Prime Minister Modi is set to visit China to have an “informal summit” (whatever that means) with Paramount Leader Xi Jinping aimed at reducing tensions. Both China and India want fewer border clashes and better trading relationships. The Chinese want India to endorse its Belt and Road initiative and to recognize, or, at least, not dispute China’s claims to the disputed islands in the South China Seas. India, for its part, wants China to provide less support to Pakistan. But China and India might find common ground in their distaste for President Trump’s aggressive protectionism which is aimed at both of them.
Left on the outside, looking in, is Japan which has the most to fear from Chinese control of the oil-tanker traffic through the South China Seas. Japan is also America’s main “base” in East Asia … there is some speculation that the US might be willing, indeed even anxious to withdraw (at least) ground forces from South Korea. But there is no indication that the US is prepared (or strategically able) to withdraw naval and air forces from Japan and its islands.
IF China can face down Asian, including Australian opposition to its take-over of the South China Seas and IF Kim and Trump can agree to at least some reduction of US forces in Korea then China’s position as THE hegemon in East Asia will be unassailable … America will remain a great and influential regional presence and partner but it, east Asia, will lie in China’s sphere of influence.

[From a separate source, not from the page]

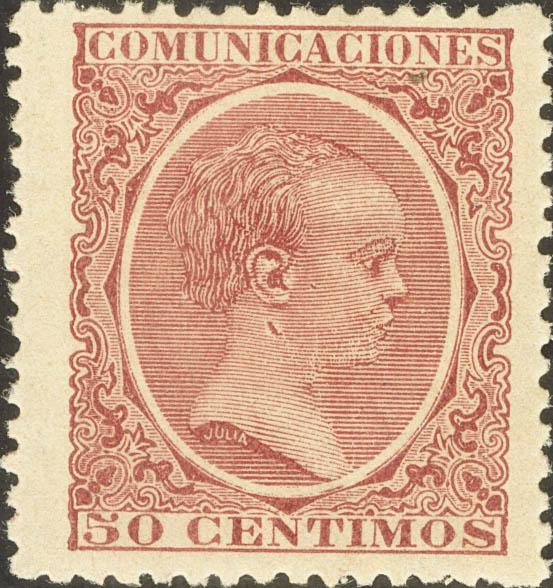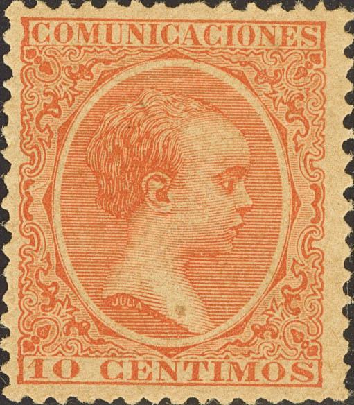 ★ 218s. 1889. 10 cts bermellón. SIN DENTAR. MAGNIFICO Y RARO. Edifil 2024: 440 Euros
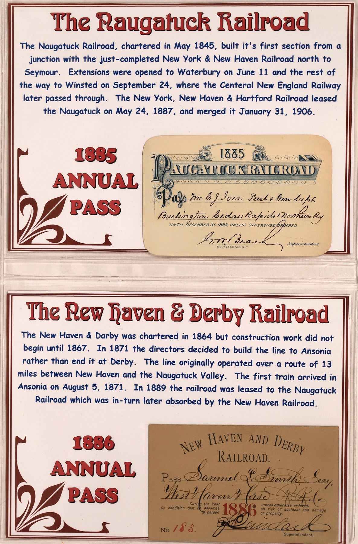 Four railroad passes from the 1890s, displayed with historical context. 1) Fitchburg Railroad, 1892, number 2039, issued to Frank Priest and signed by John Adams. 2) Fitchburg Railroad, 1893, number 634, issued to D. W. Jordan and signed by John Adams. 3) Naugatuck Railroad, 1885, not numbered, issued to C. J. Ives and signed by G. M. Beach. 4) New Haven and Derby railroad, 1886, number 183, issued to Samuel L. Smith.

There is not much for Canada to do … except, perhaps, to be more like Australia and to share some, small part of the burden of asserting freedom of navigation in the South China Seas by sending a Canadian warship through on periodic peaceful transits.’ It will annoy China but, as the next article points out that, that horse has already left the stable, and it might help to reassure Canada’s TPP partners in the region (Malaysia, the Philippines, Singapore and Vietnam) that Canada is a reliable trading partner and friend. Using navies for diplomacy has a long and honourable history.